[Items from a data source]
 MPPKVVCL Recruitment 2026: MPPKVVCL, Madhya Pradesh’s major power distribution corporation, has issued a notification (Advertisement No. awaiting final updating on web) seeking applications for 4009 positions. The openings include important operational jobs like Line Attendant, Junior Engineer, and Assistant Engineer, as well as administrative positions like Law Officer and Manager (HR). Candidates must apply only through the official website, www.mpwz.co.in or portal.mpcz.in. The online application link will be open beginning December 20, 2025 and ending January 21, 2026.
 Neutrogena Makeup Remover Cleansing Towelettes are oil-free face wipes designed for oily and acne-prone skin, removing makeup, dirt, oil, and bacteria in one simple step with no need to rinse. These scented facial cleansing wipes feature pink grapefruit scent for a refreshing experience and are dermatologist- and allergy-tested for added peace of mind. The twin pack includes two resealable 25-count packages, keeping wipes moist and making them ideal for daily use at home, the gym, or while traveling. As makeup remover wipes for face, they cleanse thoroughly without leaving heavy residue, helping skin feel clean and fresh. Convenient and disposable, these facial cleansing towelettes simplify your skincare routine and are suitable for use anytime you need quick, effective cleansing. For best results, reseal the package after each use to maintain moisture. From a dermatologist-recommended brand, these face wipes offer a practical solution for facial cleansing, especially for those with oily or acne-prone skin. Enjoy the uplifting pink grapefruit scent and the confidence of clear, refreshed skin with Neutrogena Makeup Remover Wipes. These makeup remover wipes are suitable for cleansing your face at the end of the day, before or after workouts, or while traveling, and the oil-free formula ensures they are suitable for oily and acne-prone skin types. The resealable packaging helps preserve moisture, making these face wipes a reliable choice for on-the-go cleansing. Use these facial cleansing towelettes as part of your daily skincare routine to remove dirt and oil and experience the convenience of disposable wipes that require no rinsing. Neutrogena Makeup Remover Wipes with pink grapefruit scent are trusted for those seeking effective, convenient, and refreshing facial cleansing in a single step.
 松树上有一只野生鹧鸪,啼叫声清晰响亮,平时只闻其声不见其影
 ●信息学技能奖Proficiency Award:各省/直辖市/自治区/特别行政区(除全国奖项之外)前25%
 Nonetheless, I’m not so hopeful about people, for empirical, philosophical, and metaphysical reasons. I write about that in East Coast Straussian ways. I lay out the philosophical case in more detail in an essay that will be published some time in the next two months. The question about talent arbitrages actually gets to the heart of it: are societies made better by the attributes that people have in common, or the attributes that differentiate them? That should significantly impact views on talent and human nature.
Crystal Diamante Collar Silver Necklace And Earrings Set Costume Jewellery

...

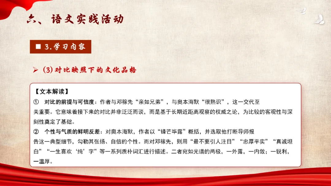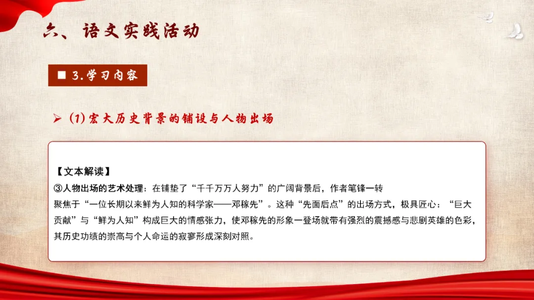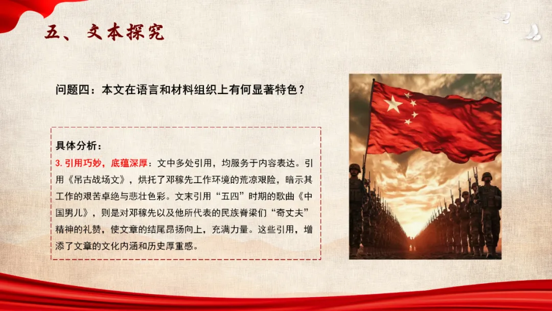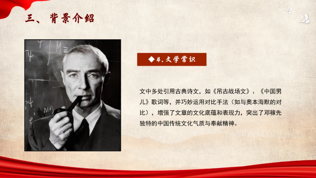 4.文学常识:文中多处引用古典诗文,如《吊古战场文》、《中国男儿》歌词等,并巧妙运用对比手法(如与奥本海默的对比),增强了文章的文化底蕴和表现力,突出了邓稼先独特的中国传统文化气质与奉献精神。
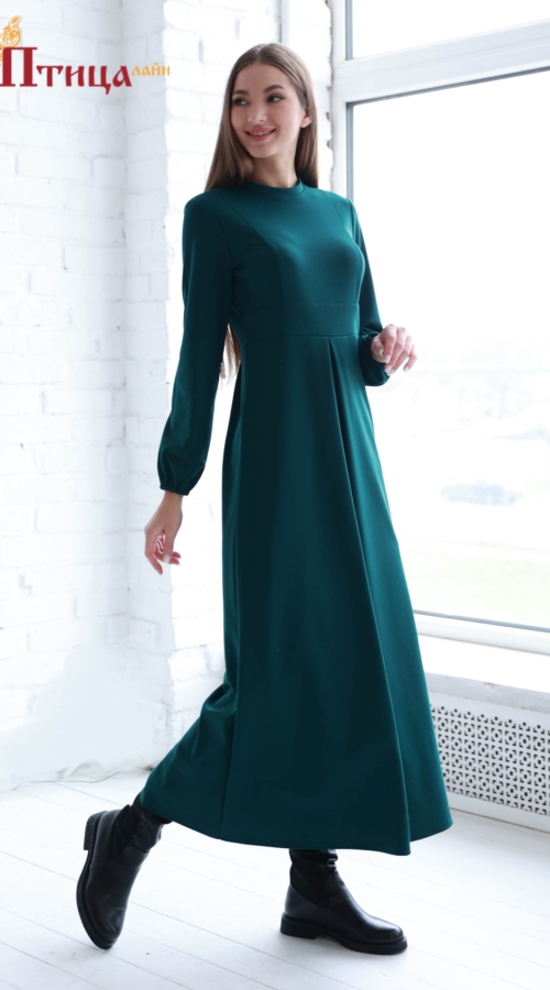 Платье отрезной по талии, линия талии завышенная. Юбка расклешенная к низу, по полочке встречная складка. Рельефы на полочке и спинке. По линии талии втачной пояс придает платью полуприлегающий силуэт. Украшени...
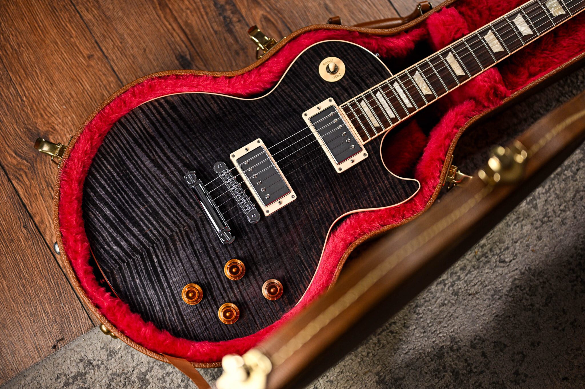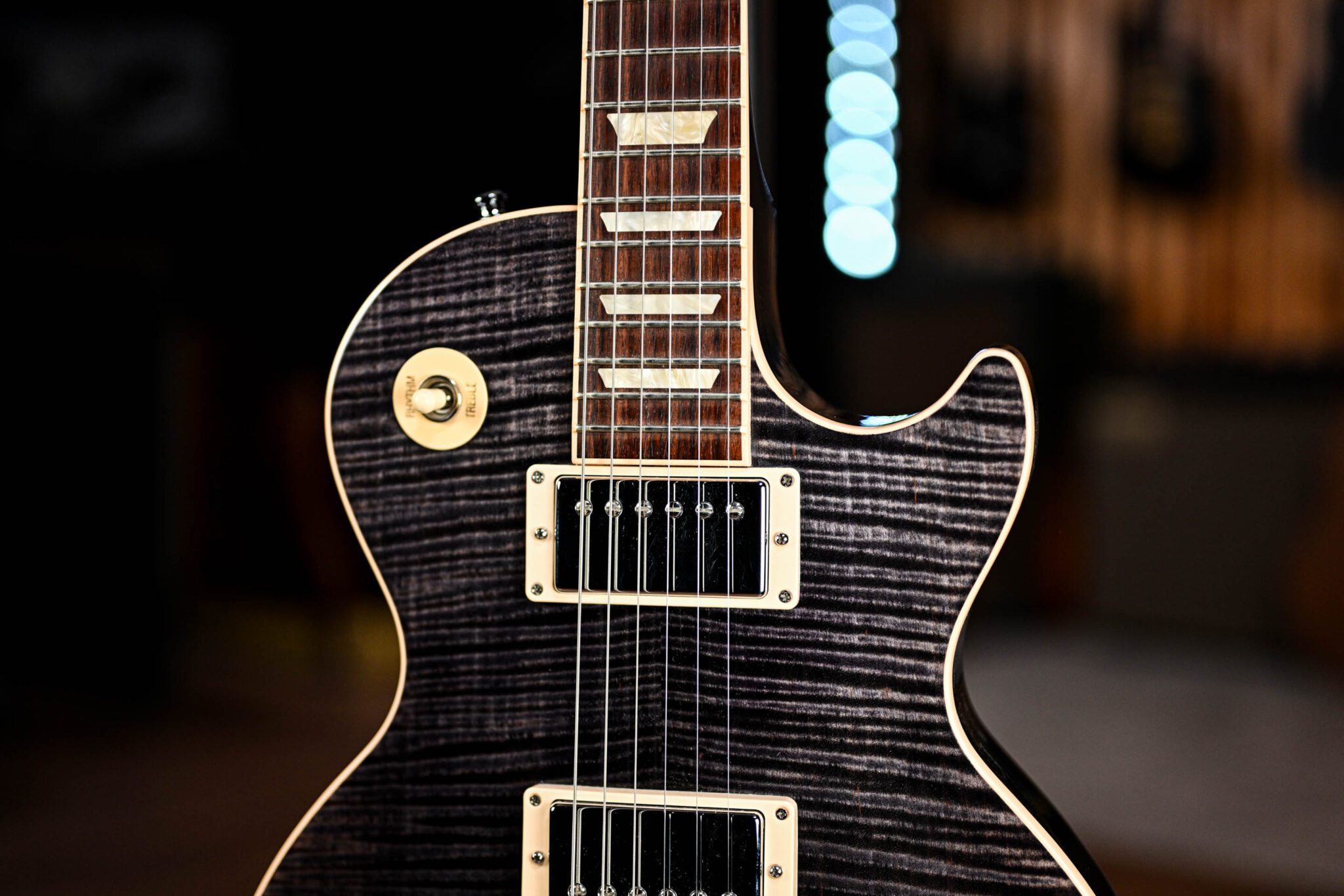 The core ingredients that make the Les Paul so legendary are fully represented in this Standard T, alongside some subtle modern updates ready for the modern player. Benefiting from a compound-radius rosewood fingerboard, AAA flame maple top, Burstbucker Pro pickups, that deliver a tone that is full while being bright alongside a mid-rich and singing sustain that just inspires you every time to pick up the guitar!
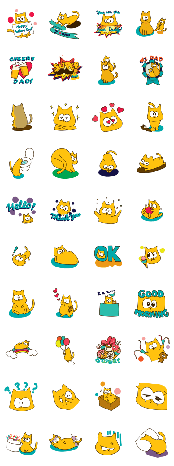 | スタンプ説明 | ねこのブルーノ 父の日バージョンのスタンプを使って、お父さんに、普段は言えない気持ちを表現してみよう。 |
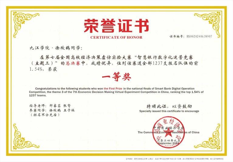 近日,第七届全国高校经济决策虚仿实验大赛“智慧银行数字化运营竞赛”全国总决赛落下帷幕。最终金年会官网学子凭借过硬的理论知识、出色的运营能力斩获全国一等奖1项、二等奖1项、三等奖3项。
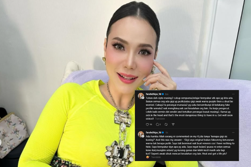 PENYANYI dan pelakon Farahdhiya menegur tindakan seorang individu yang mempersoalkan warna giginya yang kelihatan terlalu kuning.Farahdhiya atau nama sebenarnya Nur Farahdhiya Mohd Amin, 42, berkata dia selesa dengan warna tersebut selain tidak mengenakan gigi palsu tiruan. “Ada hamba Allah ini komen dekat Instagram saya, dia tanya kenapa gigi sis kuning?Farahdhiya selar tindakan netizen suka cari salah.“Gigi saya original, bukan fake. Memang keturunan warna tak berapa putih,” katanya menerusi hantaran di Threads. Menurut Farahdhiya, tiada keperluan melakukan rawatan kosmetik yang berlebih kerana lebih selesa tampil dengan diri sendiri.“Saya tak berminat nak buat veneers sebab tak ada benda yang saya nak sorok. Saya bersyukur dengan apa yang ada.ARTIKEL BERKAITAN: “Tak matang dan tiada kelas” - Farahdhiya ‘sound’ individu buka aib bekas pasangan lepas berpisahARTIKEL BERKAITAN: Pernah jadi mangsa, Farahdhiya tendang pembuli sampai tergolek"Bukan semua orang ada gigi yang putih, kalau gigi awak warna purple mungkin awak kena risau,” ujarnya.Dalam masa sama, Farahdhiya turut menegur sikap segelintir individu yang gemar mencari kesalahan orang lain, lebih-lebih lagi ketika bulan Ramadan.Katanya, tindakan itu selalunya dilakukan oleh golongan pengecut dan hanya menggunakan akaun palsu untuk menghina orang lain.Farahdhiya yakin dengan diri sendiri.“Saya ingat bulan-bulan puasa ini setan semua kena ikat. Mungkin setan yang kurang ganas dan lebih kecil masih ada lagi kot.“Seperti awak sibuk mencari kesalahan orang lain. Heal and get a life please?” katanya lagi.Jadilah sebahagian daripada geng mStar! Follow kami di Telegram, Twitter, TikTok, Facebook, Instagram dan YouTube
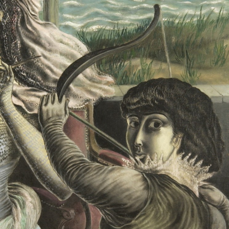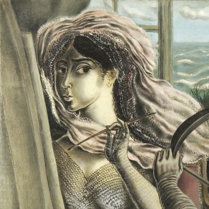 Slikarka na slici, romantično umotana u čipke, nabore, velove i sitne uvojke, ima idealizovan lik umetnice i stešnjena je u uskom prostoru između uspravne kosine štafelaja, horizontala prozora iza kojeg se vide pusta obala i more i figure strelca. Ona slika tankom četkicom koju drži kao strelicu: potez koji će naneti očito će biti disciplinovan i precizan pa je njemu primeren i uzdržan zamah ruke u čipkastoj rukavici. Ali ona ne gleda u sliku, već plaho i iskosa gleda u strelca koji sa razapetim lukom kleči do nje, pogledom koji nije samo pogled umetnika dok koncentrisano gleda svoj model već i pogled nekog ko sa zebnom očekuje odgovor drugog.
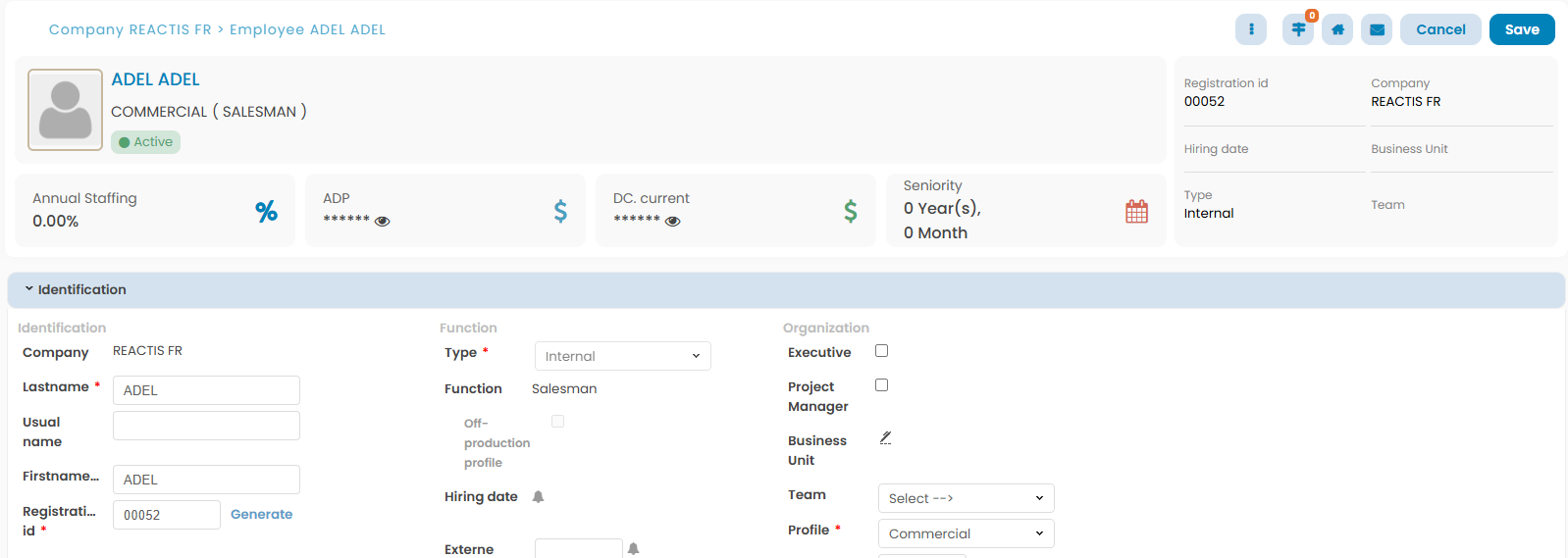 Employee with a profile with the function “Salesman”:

Exercise objective: Transcribe the lines above between the line holding "Nonetheless, I’m not" and the line holding "Crystal Diamante Collar", inclusive, exactly as they stand and with nothing added.

Worked solution:
 Nonetheless, I’m not so hopeful about people, for empirical, philosophical, and metaphysical reasons. I write about that in East Coast Straussian ways. I lay out the philosophical case in more detail in an essay that will be published some time in the next two months. The question about talent arbitrages actually gets to the heart of it: are societies made better by the attributes that people have in common, or the attributes that differentiate them? That should significantly impact views on talent and human nature.
Crystal Diamante Collar Silver Necklace And Earrings Set Costume Jewellery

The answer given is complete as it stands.